South African manufacturers wishing to participate in the nuclear sector need to adopt a series of measures and mindsets in order to achieve success. This was highlighted by international industrial standards and codes development association ASME VP (New York) and ASME governor-elect Bryan Erler on Thursday.
These include the implementation of a strong quality culture, the use of experienced and qualified sub-suppliers ("sub-suppliers are critical," he pointed out) and the achievement of a full understanding of the standards code that is specified for the nuclear power plant (NPP) design selected by the customer. They also include the need to train and continually re-qualify employees in the company's manufacturing processes and a readiness to take full advantage of the Authorised Inspection Agency, who will help keep up the company's standards.
Underlying everything is the need to adopt and implement standards for nuclear manufacturing. ASME has standards and codes which cover all pressure vessels, including well established standards and codes for the nuclear industry (covering operation and maintenance as well as manufacture). "ASME's nuclear construction standard is the technical basis for all other [nuclear] standards," he observed.
ASME has a number of nuclear standards, of which the best known are the nuclear-specific and nuclear-relevant sections of the organisation's renowned Boiler and Pressure Vessel (B&PV) code. Others are designated NQA-1 (covering quality assurance requirements for nuclear facility applications), OM (the code for the operation and maintenance of NPPs), RA-S (covering probabilistic risk assessment for NPP applications), Nuclear Air and Gas Treatment Requirements and Cranes in Nuclear Plants.
The B&PV code has 12 sections, of which Sections II, III, V, IX and XI are applicable to the nuclear industry. Especially Section III, which is entitled Rules for Construction of Nuclear Facility Components. "Section III is very intense for reactor design," noted Erler. "Section XI is also well-known. It's for in-service inspection of NPP components."
Section III is composed of five divisions. Division 5, for example, was developed for high temperature reactors, and South Africans had a major input into its creation, because of their involvement in the Pebble Bed Modular Reactor, which was a high temperature reactor programme.
Today, 60 countries use the ASME B&PV code; 20 countries are Section III certificate holders. Many countries use the ASME nuclear code and standards. Many countries purchase nuclear components and equipment built to Section III standards. "Other countries use the ASME code and standards for the basis of their own codes and standards," he pointed out.
In 2012, there was an international comparison of all nuclear codes. Because it was the inspiration for all the others, the ASME was used as the baseline code. "It was discovered that there were very few technical differences [between them] and those were the result of local regulations," he reported. However, "ASME was the only one that had a conformity assessment programme within the code. Conformity assessment is all about quality. It's used in over 100 countries around world. It provides assurance to the utilities building NPPs."
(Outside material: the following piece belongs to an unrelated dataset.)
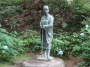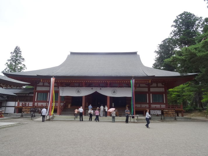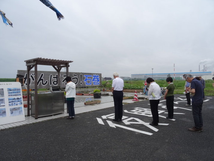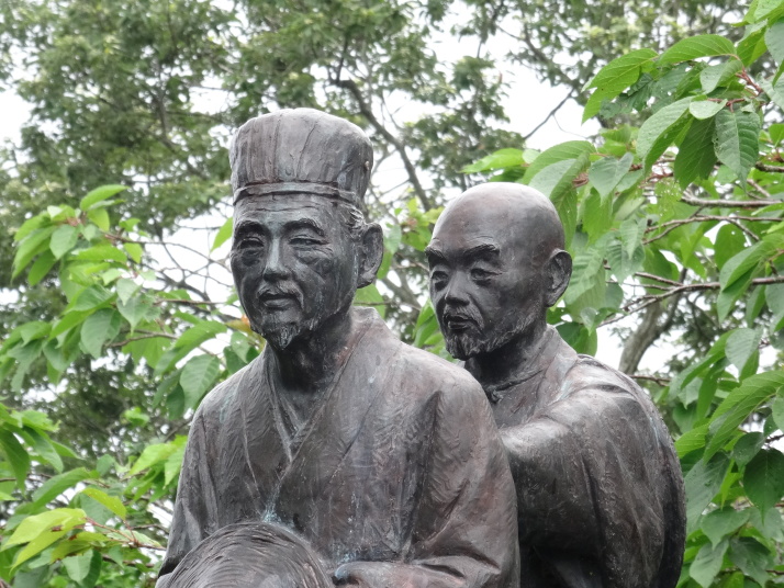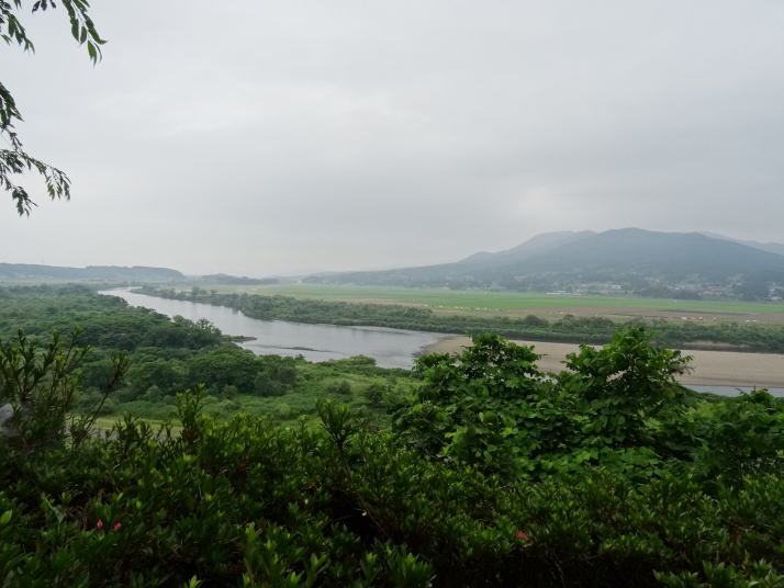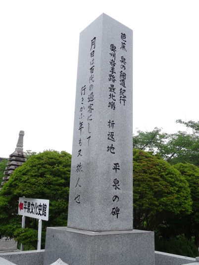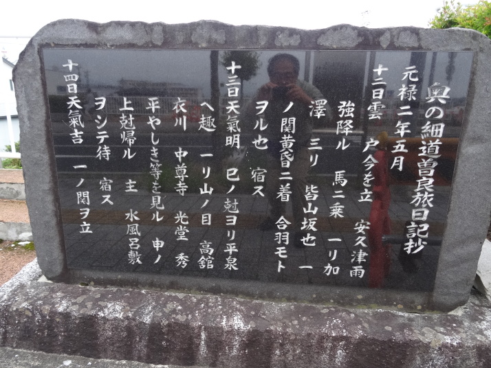 2日目は、早朝に住吉社、袖の渡りを見学、歌枕「袖の渡り」は東日本大震災で被災し荒地になっていました。日和山公園からも大震災で全てを失った石巻市街地が一望出来ます。二日間お世話になったバスの運転手さんは、住まいが仙台空港の近くで、東日本大震災の津波で家は跡形もなく流され、ご両親はじめ親戚の方も多く亡くされたそうです。朴訥とした語り口で淡々と話される姿に言葉も有りませんでした。悔しさや悲しみを秘めて毎日過ごされている方が如何に多いか、考えさせられました。更に「がんばろう!石巻」の看板のある所で黙祷をし、登米に向かいました。 登米大橋の北上川沿いに「芭蕉翁一宿之跡」碑があります。登米は元水沢県庁のあった所で落ち着いた町でした。更に北進して一ノ関で昼食。レストランの近くに芭蕉が2泊したという二夜庵跡の碑がありました。毛越寺を経て高館義経堂へ。高館から北上川のゆったりとした流れを眺めると『夏草や兵どもが夢の跡』が聞こえてきます。

"The ASME stamp shows you've gone through all the conformity assessment steps necessary," he affirmed. "It shows that components are constructed to internationally known standards, standards which have proven reliability. These standards are consensus standards. They qualify suppliers and involve the regular resurveying of suppliers. There is third party oversight during fabrication and construction. ASME codes, standards and conformity assessment programmes provide for quality programme consistency and ease of supply chain management."
For South African companies, he stated, ASME standards will make it much easier to enter international nuclear markets. "There is a big market out there!" The alternative would be to manufacture to different standards for different markets.
Erler was addressing the Nuclear Africa 2015 conference at the South African Nuclear Energy Corporation complex at Pelindaba, west of Pretoria.